This original and fascinating book connects Africa and Latin America in a world created by the violence of the transatlantic slave trade. The Oyo Empire, an expansive and notable empire that wielded power among the Yoruba and their neighbors, created a Pan-Yorubana, whose consequences in religion and world-view migrated to Cuba, where several of Oyo's cultural and religious practices and values were produced. The storyline is woven around a powerful central figure, a Yoruba with the new name of Juan Nepomuceno Prieto, whose life was dated from ca. 1773 to ca. 1835. The sources to sustain the work include slave trade narratives, registers of traffic in slaves, and trial records. The book contributes to the multiple fields of African diaspora studies, Latin American history, the Yoruba in the Atlantic world, and slavery and resistance.

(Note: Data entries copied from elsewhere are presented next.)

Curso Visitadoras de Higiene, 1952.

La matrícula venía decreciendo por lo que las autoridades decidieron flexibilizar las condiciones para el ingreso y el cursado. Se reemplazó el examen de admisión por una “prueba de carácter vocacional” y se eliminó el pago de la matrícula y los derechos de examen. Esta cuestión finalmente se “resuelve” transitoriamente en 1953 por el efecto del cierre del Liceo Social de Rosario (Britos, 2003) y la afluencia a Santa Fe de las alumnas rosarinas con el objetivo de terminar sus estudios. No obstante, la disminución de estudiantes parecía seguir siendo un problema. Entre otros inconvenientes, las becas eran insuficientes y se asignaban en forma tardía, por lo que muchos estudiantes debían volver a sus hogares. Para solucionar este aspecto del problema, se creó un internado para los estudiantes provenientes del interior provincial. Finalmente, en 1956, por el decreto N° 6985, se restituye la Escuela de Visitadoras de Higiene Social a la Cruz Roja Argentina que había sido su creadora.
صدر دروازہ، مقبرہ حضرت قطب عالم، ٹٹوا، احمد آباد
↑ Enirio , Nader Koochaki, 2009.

The funneling to the Americas of enslaved Yoruba people during the Atlantic slave trade provides the context for the overarching narrative. Cuba was a destination point. Prieto, like thousands of other Yoruba slaves, known as Lucumi, lived an excruciatingly difficult life in Havana. It was here that Prieto emerged, accidentally of course, into some kind of prominence. He was drafted as a slave to become a soldier for Spain, a military service that granted him the opportunity to work for self-manumission. Thereafter, he became a community and religious leader, leading the most recognized cabildo (socio-religious brotherhood) and becoming a preeminent figure in the Afro-Cuban religion of Santeria. As he drew more people unto himself, Cuban officials suspected that he was planning a slave rebellion, and he was arrested and tried in 1835. His end was unclear, as he fell ill during the process, and he disappeared from historical records. The book is nuanced in capturing all the contradictions, as well as the missing records that created a narrative without closure.

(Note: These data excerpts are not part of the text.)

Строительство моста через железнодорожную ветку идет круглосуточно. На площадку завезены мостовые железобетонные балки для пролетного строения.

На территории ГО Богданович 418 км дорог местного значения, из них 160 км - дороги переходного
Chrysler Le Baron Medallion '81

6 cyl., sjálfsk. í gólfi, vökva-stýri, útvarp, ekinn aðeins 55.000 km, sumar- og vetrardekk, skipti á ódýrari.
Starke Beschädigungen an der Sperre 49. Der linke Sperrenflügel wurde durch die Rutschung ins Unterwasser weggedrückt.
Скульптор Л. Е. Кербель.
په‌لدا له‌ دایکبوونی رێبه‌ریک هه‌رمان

The tragic ending began on July 12, 1835, as a small calamity that escalated into a tragedy. A small disturbance by a group of about thirty recently liberated slaves in Havana was forcefully put down by the military police and some citizens. What followed was revenge in which those involved with the [End Page 134] disturbance were arrested and tried, and four were publicly executed. Rumors filled the air that Lucumi slaves were planning a mass rebellion to end slavery and declare the independence of Cuba. Prieto was identified as the leader, principal instigator, and planner.

This book lends itself to multiple readings. First, it is a comprehensive biography of Prieto, portraying the life of a creolized African. This adds to the short list of slave biographies dating back to the studies on Olaudah Equiano, and it connects powerfully to Jane Landers's Atlantic Creoles in the Age of Revolution.1 Lovejoy's portrayal of Prieto is rich, with evidence to support certain aspects of his life and career.

A second reading is on the slave rebellion. The fall of Prieto was tied to the fear in the early nineteenth century of an imminent slave rebellion. Prieto was caught in a web of conspiracies at a restless moment, which explains why Lovejoy connects the narrative to the "Age of Revolutions," as well as to the fear of uprisings—real and imagined. This can be read along with works on the Cuban insurgency led by Aponte,2 as well as the American, French, and Haitian revolutions.

The third reading is more closely connected to the objectives of this journal—the centrality of Afro-Atlantic religion in the biography and broader canvas of Cuban history. Religious worldviews triggered associational life and communal duties, generating an ethos of rebellion and strategies of resistance. For two decades, Prieto led the Mutual Aid Society of the Lucumi Nation of Santa Barbara, a religious-cum-social organization that engaged in Yoruba religion and assisted one another. As seen in the case of Aponte and of Islam in Bahia, authorities...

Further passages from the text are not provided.